= AIM OF THE EXERCISE =
The answer must consist only of the lines in the records below from the line with "Интерьер гостиной с" to the line with "こちらで施術と電気鍼を受ける", both included, copied word for word with every picture left out.

= DATA EXTRACT =
◆ ◆ ◆

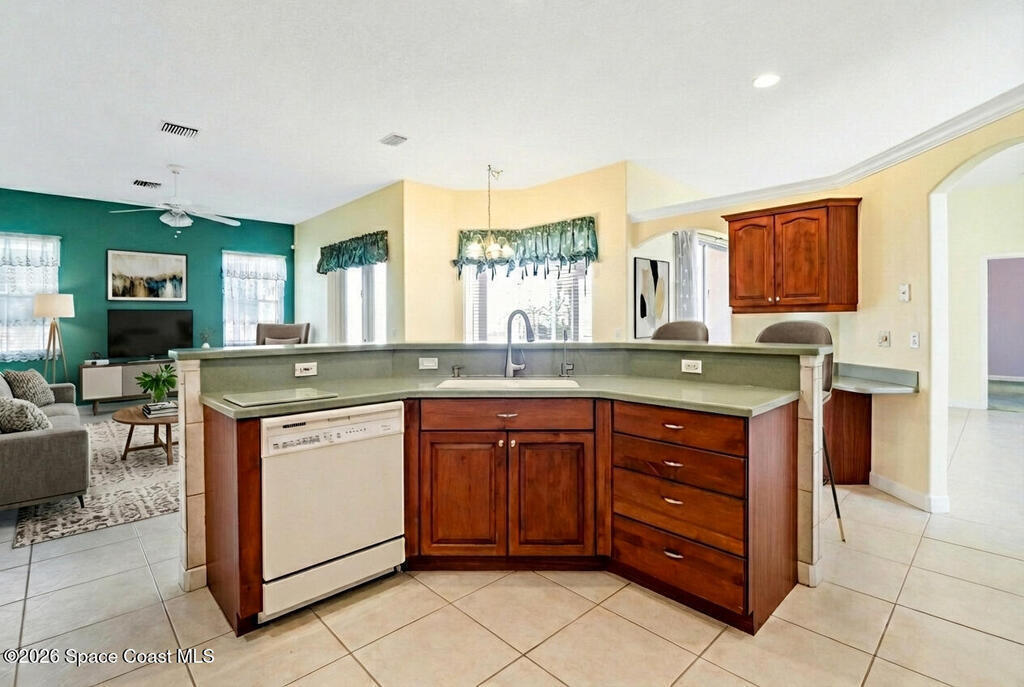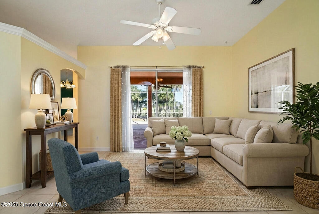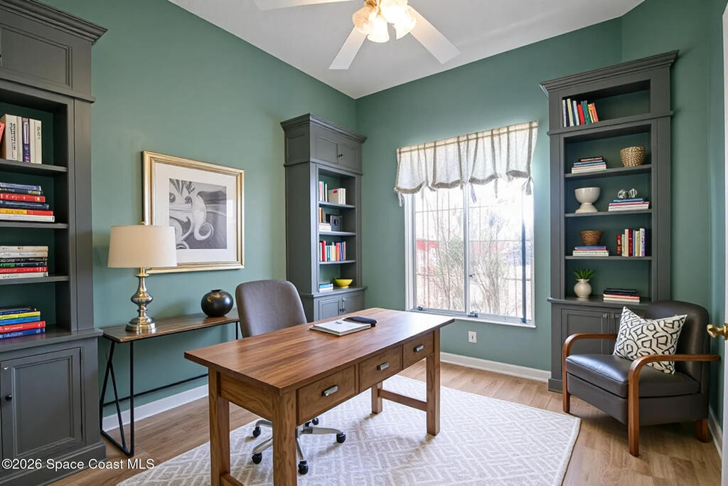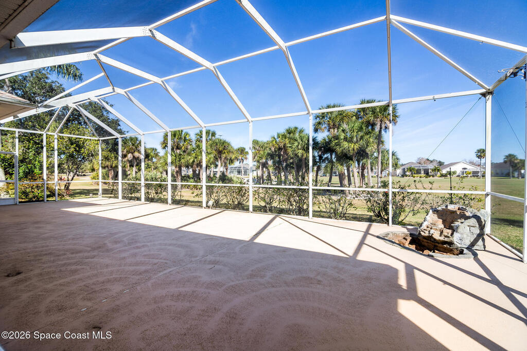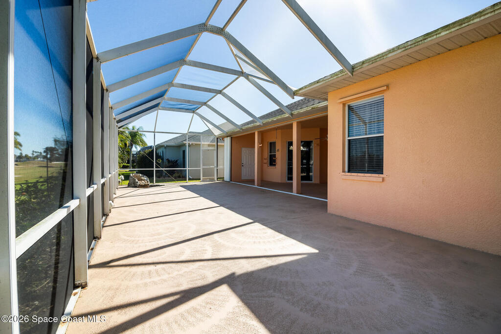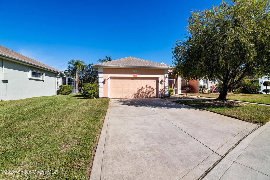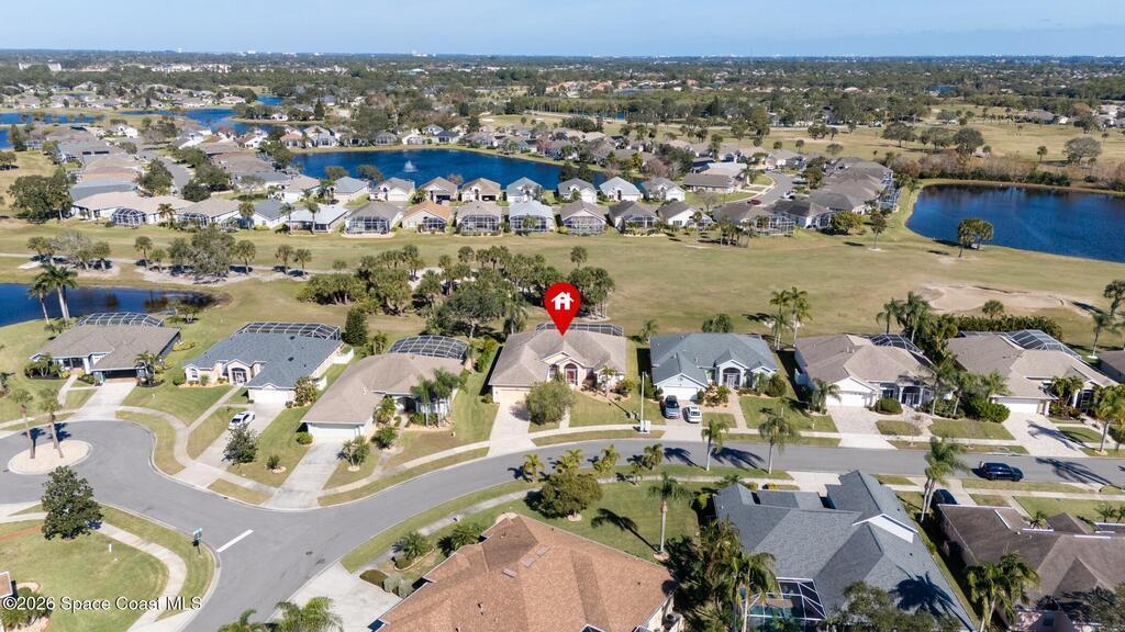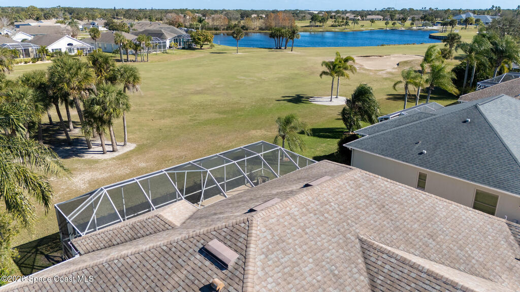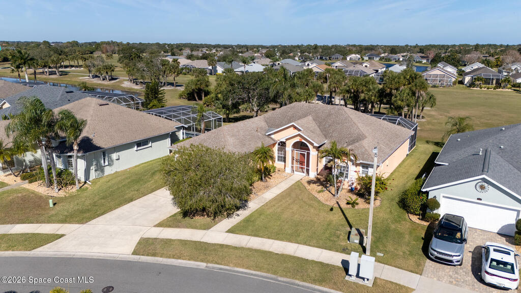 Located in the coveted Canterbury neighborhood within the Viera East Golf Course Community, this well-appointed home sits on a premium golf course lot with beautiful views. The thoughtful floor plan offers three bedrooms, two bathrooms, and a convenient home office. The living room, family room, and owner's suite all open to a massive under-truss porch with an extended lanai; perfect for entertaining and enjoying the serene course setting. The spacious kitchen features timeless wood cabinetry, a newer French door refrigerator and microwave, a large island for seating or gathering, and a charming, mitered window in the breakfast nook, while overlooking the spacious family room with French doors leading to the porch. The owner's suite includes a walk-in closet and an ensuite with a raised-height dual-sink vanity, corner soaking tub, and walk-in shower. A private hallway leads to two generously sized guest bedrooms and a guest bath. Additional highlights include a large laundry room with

◆ ◆ ◆

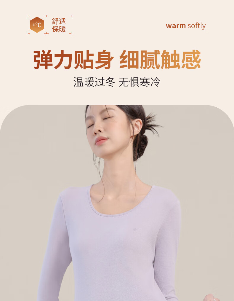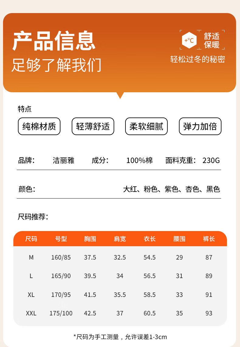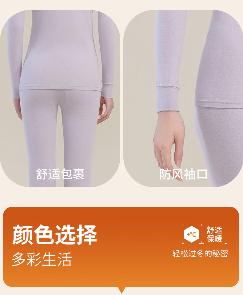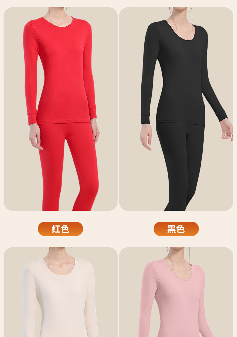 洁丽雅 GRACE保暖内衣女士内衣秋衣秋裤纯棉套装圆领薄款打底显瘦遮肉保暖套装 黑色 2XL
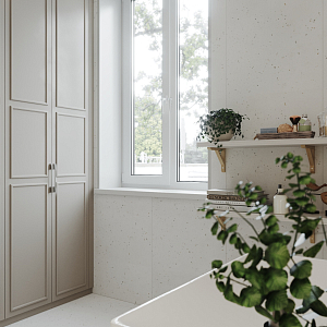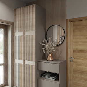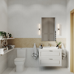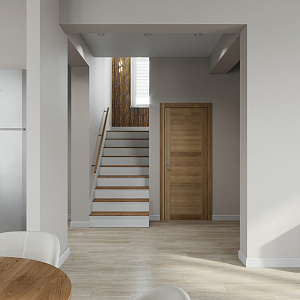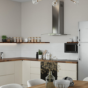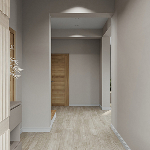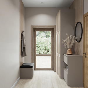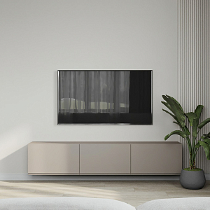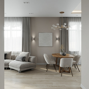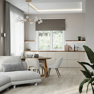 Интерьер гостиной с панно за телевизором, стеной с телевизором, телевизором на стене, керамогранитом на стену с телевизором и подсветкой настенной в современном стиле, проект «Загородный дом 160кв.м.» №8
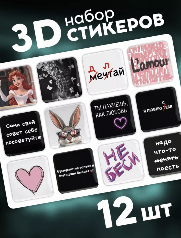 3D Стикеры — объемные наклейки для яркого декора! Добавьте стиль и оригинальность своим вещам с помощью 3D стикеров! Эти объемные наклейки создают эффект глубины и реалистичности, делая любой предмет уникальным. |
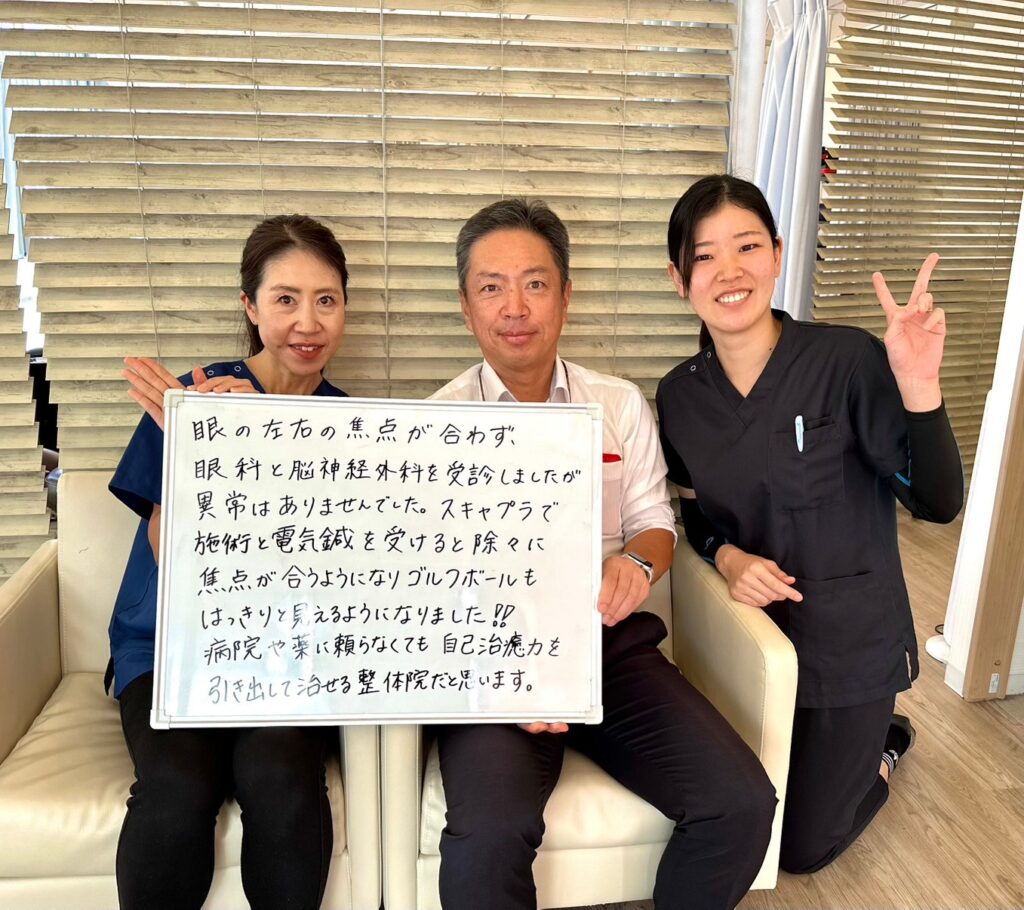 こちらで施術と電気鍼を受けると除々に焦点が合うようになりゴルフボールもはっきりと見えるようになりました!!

◆ ◆ ◆

= EXERCISE ANSWER =
 Интерьер гостиной с панно за телевизором, стеной с телевизором, телевизором на стене, керамогранитом на стену с телевизором и подсветкой настенной в современном стиле, проект «Загородный дом 160кв.м.» №8
 3D Стикеры — объемные наклейки для яркого декора! Добавьте стиль и оригинальность своим вещам с помощью 3D стикеров! Эти объемные наклейки создают эффект глубины и реалистичности, делая любой предмет уникальным. |
 こちらで施術と電気鍼を受けると除々に焦点が合うようになりゴルフボールもはっきりと見えるようになりました!!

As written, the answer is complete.